Мятежная повесть Андреева, с такой силой замахнувшегося на вековые «святыни», современниками писателя было воспринята как произведение, предвещающее революцию. Дух возмущения и протеста, клокочущий в повести Л. Андреева, радостно отозвался в сердцах тех, кто жаждал революционной бури. Однако в «Жизни Василия Фивейского» ощущаются и чувства недоумения и неудовлетворенности. Отрицая «благое провидение» и божественную целесообразность как глупую преднамеренную выдумку, оправдывающую страдания, ложь, угнетение, реки слез и крови, Л. Андреев вместе с тем изображает человека игрушкой злых и бессмысленных сил, непонятных, враждебных, непреодолимых. «Над всей жизнью Василия Фивейского, - пишет Л. Андреев, - тяготел суровый и загадочный рок». Однако далеко не все прогрессивные критики считали авторскую концепцию пессимистически безысходной. Н. Ашешов, например, увидел пафос повести совсем в ином: «…над всеми символическими наслоениями поэмы Андреева звучит реальная нота, а материалистическая теза, положенная в ее основу, рассеивает ненужные призраки и иллюзии. И когда этот гипноз и этот кошмар, который навевается талантом писателя, проходит, а пытливая мысль анализирует поэму всю, целиком, то звонко начинает петь в воздухе победная песня жизни и ярко выделяется клич к разумной осмысленной борьбе, к которой зовет писатель сквозь символы и туманы своего замечательного произведения» («Образование», 1904, № 5, отд. 3, с. 99).
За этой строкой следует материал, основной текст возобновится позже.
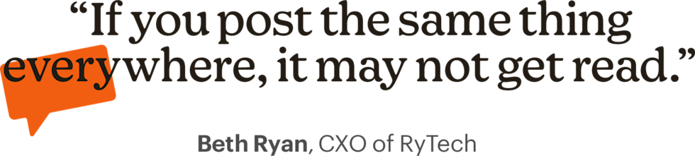 Beth: As far as writing is concerned, short and sweet is better. Get the information across, but avoid too much wordiness. Don’t make references that could confuse people. You may think people are seeing all of your content and know what you’re referring to, but the reality is they probably aren’t. You need to treat each post as an island.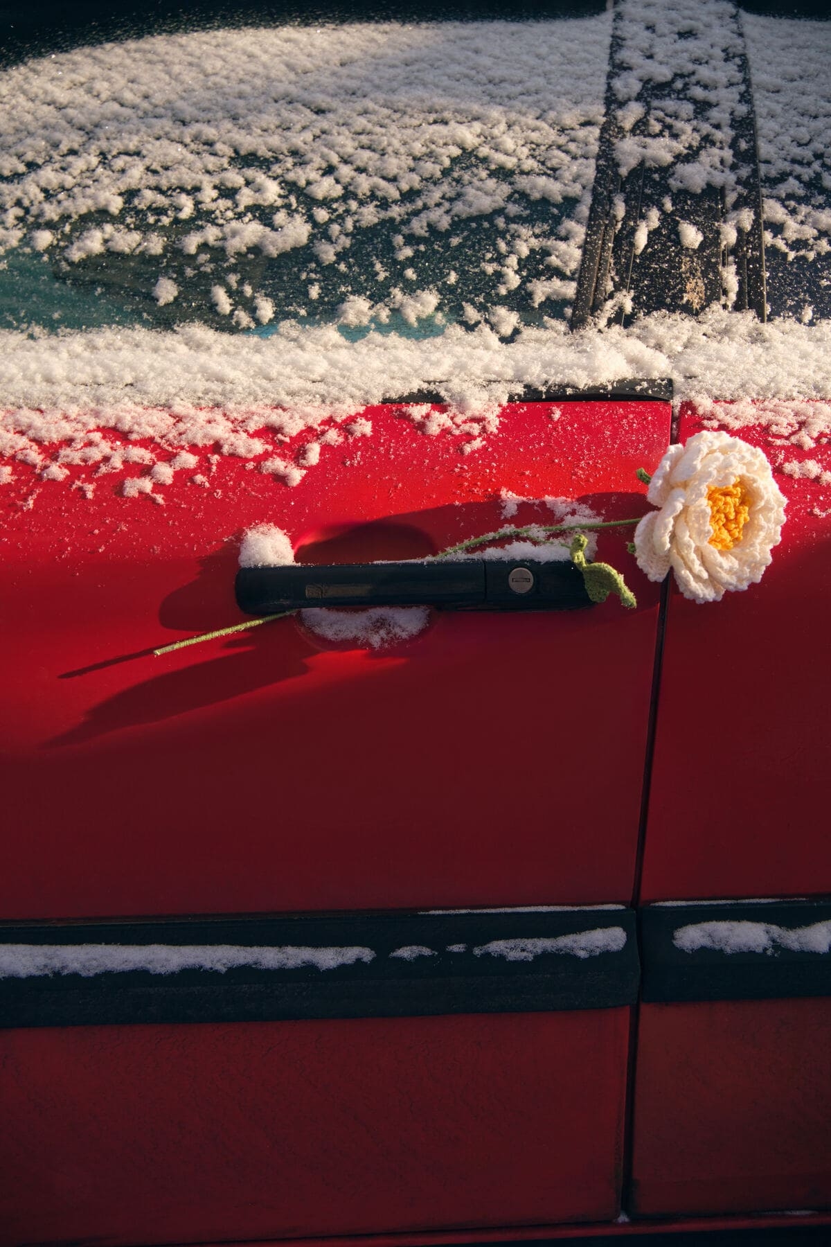 Визуальная часть проекта разворачивается в городском пространстве: в креативной съёмке вязаные цветы появляются среди зимнего ландшафта — «прорастают» сквозь снег и асфальт, обвивают дорожные знаки и становятся частью повседневной городской среды.

Рассказы Леонида Андреева 1910-х гг., прежде всего, - феномен творческого пути яркой художественной индивидуальности. В то же время своеобразие этих произведений не отменяет во многих случаях их типологическую перекличку с явлениями современной литературы. Стремление к объединению социально-психологического и философского аспектов изображения отличало в эпоху между двух революций творчество писателей-реалистов. Универсализация темы, выявление соответствий между бытовой стороной происходящего и его общечеловеческим смыслом вызывало использование аналитической многоаспектности повествования, активных композиционных приемов (построение рассказа, основанное на принципах лейтмотива и контрапункта, контраста и диссонанса. Все это характеризовало такие высокие достижения реализма нового времени, как «Братья» и «Господин из Сан-Франциско» И. Бунина, «Пески» А. Серафимовича.
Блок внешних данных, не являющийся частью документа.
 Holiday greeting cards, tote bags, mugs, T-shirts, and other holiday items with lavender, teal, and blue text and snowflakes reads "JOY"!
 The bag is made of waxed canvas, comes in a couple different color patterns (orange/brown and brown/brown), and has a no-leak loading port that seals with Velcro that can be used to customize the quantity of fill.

В своих творческих поисках Андреев был близок этому направлению литературного развития и в то же время принадлежал ему далеко не всецело. Наряду со стремлением к глубинному осмыслению социально-исторического кризиса эпохи в творчестве Андреева ощутима тяга к мифологизации действительности, изображению «вечных» образов и ситуаций, что диктовалось подходом к проблемам человеческой деятельности и сознания как проблемам извечным. Это дает объективные основания соотносить творчество Андреева с творчеством писателей-символистов, в частности рассказами В. Брюсова и Ф. Сологуба.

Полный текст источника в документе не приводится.